Serbest meslek? Peki ne kadar serbest?

    Hemen itiraf etmeliyim ki başlığım çalıntıdır, Cem Yılmaz'ın bir esprisinden çalmış bulunmaktayım. Aslında çok da doğru bir söylem yapmış Cem Yılmaz. Ülkemizde sürekli insanların yaptığı bir meslek var, bizim de sık sık duyduğumuz, "Serbest Meslek" ama ne olduğunu kaçımız biliyor meçhul ya da bilenlerimizden kaç kişi doğru biliyor o daha da meçhul.
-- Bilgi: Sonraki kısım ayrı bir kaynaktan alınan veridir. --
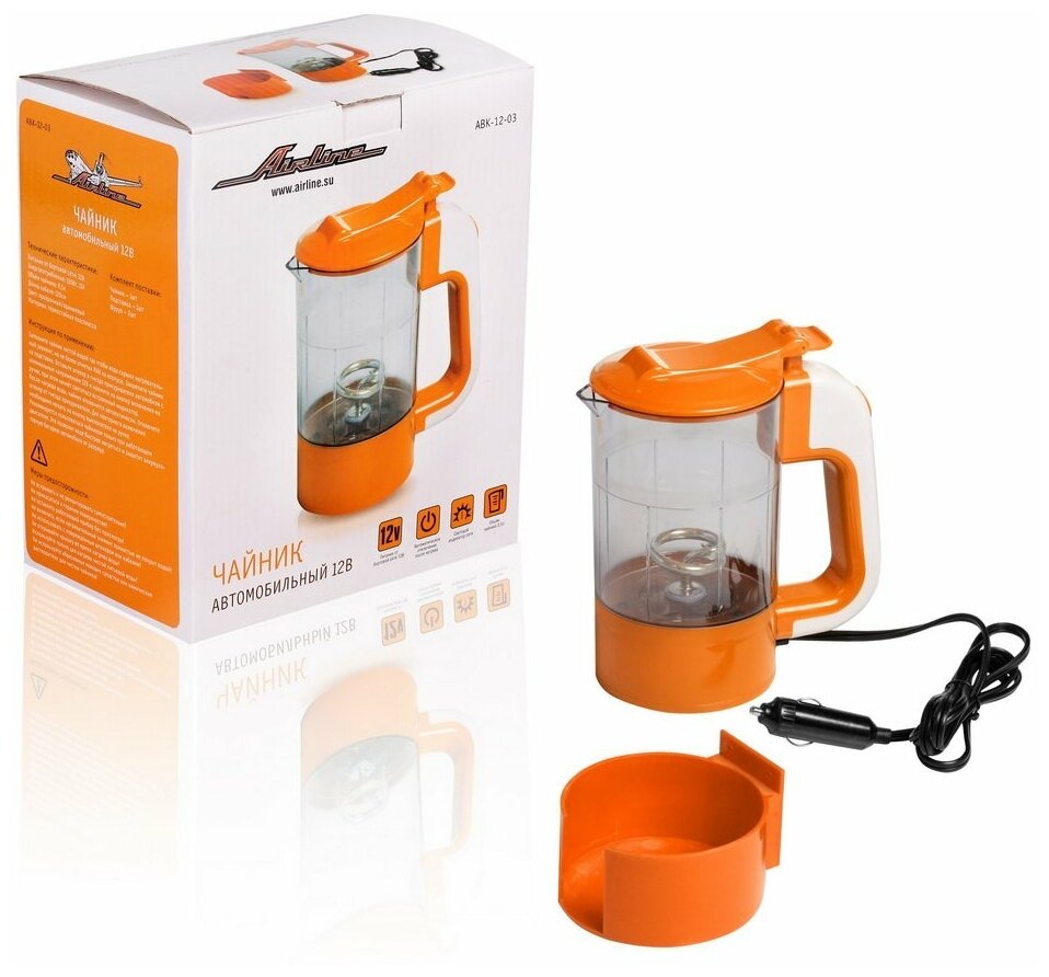 AIRLINE ABK-12-03 (ABK1203) чайник автомобильный 12в, прозрачный+оранжевый пластик, автоматическое

Bu yazımda çok bir bilgim olmasa da derslerde öğrendiklerimle sizlere kısaca serbest mesleği açıklayacağım.

    Serbest mesleğin tanımını yapmak gerekirse; ticari niteliği olmayan işlerin, bir iş verene bağlı olmadan, kendi şahsi mesai ve mesleki bilgiye dayandırılarak yapılmasıdır. Yorumdan da anlaşıldığı üzere aslında gerçekten de bir meslek fakat, Türkiye'de "serbest meslek"  tabiri literatüre daha çok belli bir işi olmayan, koşullara göre değişik işler yapabilen kişileri tarif etmek için kullanılabilmektedir.
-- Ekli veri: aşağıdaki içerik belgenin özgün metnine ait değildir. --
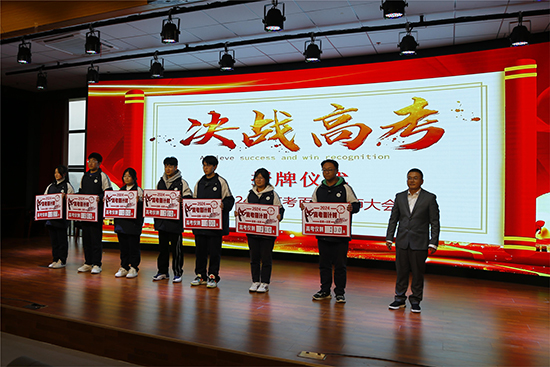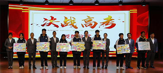 副校長季松青和班主任們為各班授高考目標牌和倒計時牌。

    Gün geçtikçe internetin hayatımızdaki öneminin artmasıyla serbest mesleğin de hayatımızdaki öneminin artacağı ön görülmektedir. İş yerine gidilmeden internet üzerinden halledilen işler ve böylece hem yol hem de zaman açısından yapılan kazançlarla iş verenin maliyetini düşüreceği bir gerçek. Ve böylece ileri zamanlarda önemi arttıkça "serbest meslek" çalışma koşullarının sağlanması için yasaların olacağı öngörülmektedir. Çünkü verilen bu emeğin sendikalaşması ve yapılan işin ücret anlamında insan gücü maliyetini çok ucuz olarak değerlendirilmesi de bir eleştiri konusudur.
    
     Pek fazla derine inmeden kafamızdaki "serbest meslek" ile oluşan soru işaretini kaldırmaya çalıştım. Sanırım hepimizin öğrenebileceği farklı şeyleri olan bir meslek dalı.